── Data to process

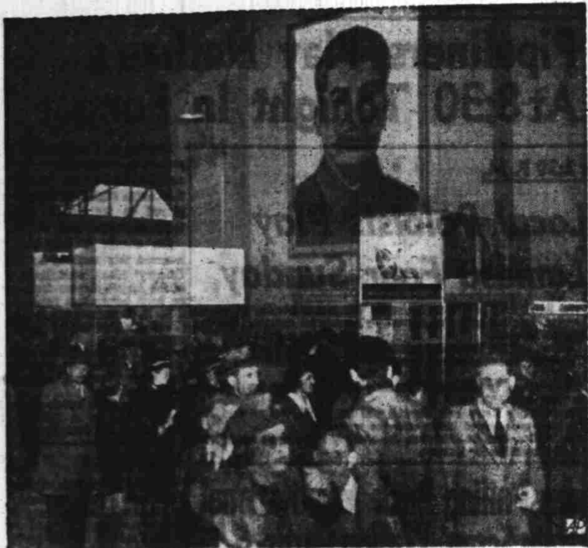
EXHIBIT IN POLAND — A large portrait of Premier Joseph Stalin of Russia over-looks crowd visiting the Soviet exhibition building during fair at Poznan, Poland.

────
── Data to process

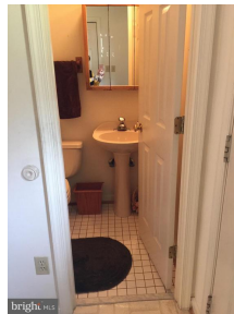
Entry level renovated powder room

────
── Data to process

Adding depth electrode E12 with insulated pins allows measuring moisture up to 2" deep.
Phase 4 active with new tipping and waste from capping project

────

» **What is expected**
All that is wanted is the stretch of lines above from the one containing "Adding depth electrode" through the one containing "Phase 4 active", duplicated exactly.

» **Answer for this exercise**
Adding depth electrode E12 with insulated pins allows measuring moisture up to 2" deep.
Phase 4 active with new tipping and waste from capping project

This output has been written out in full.